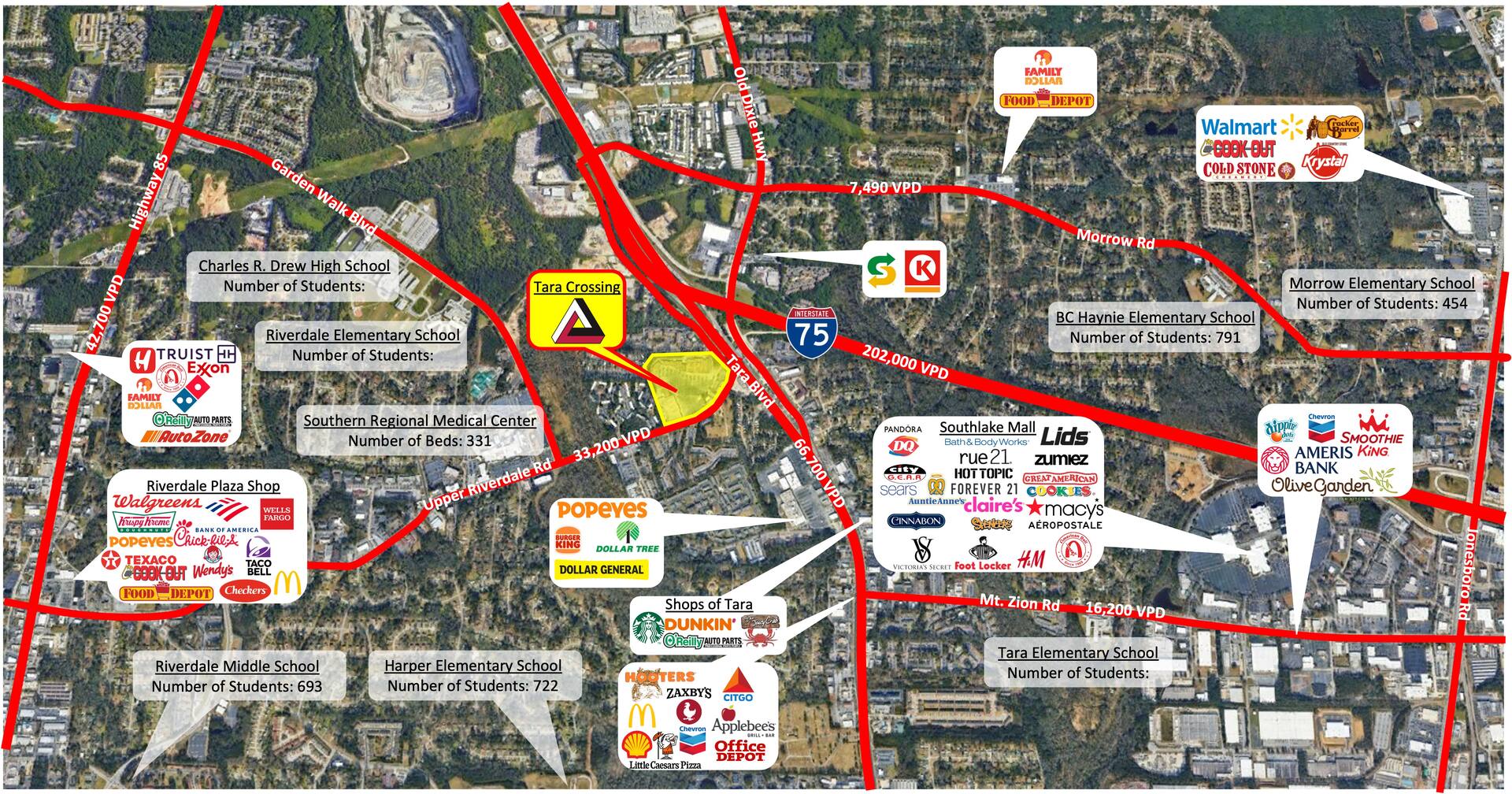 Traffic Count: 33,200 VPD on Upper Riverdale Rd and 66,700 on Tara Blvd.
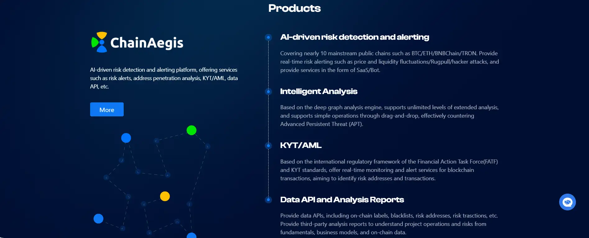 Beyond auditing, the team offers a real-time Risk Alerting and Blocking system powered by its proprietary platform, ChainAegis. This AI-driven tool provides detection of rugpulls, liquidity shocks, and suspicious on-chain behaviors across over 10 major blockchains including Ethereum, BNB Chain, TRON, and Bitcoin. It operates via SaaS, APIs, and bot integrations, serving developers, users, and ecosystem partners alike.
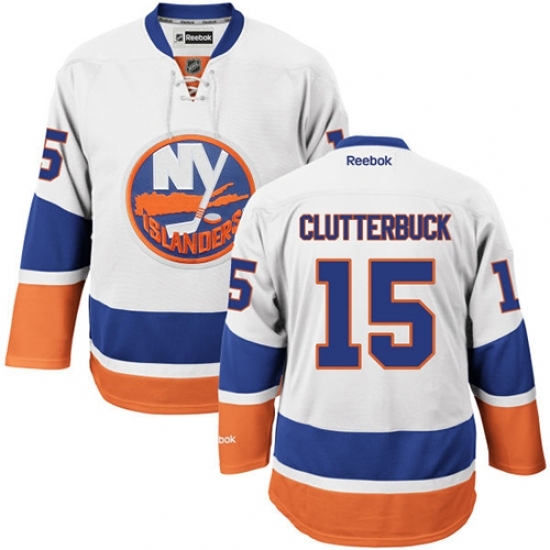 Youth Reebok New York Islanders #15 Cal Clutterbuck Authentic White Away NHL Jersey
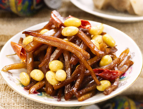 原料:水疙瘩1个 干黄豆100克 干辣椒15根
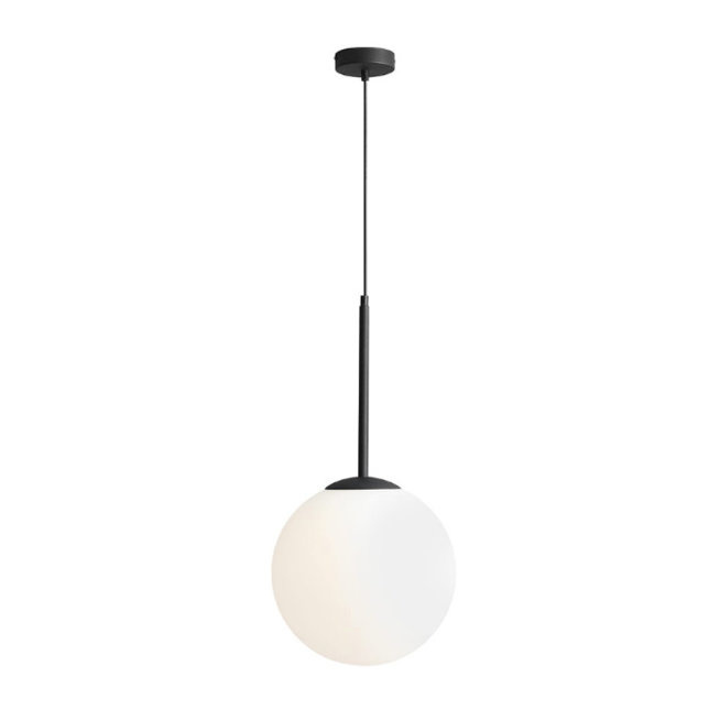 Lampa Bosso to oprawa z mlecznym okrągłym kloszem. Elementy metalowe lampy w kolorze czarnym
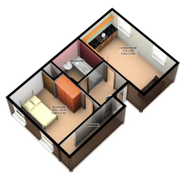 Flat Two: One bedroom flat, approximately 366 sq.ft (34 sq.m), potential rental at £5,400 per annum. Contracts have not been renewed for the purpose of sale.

# # # #

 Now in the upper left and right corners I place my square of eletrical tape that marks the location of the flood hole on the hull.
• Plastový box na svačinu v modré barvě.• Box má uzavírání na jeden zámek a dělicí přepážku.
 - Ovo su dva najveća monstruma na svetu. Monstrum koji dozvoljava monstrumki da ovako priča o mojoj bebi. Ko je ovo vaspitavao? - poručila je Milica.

# # # #

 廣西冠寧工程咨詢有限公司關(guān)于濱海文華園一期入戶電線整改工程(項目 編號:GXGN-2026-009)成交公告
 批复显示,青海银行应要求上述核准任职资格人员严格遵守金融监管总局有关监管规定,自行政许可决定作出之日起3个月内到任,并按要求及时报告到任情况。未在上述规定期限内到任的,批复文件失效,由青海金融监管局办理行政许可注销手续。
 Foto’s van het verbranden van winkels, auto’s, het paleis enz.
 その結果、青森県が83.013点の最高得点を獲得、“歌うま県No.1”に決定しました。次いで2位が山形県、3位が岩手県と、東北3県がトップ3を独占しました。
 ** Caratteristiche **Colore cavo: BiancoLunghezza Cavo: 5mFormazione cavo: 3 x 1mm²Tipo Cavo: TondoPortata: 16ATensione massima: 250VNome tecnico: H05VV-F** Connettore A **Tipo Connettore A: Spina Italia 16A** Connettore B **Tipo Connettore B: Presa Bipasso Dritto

# # # #

What you need to do: Write out again exactly the lines above from the one with "Lampa Bosso to" through the one with "Flat Two: One", adding no other lines and no pictures.

Your solution:
 Lampa Bosso to oprawa z mlecznym okrągłym kloszem. Elementy metalowe lampy w kolorze czarnym
 Flat Two: One bedroom flat, approximately 366 sq.ft (34 sq.m), potential rental at £5,400 per annum. Contracts have not been renewed for the purpose of sale.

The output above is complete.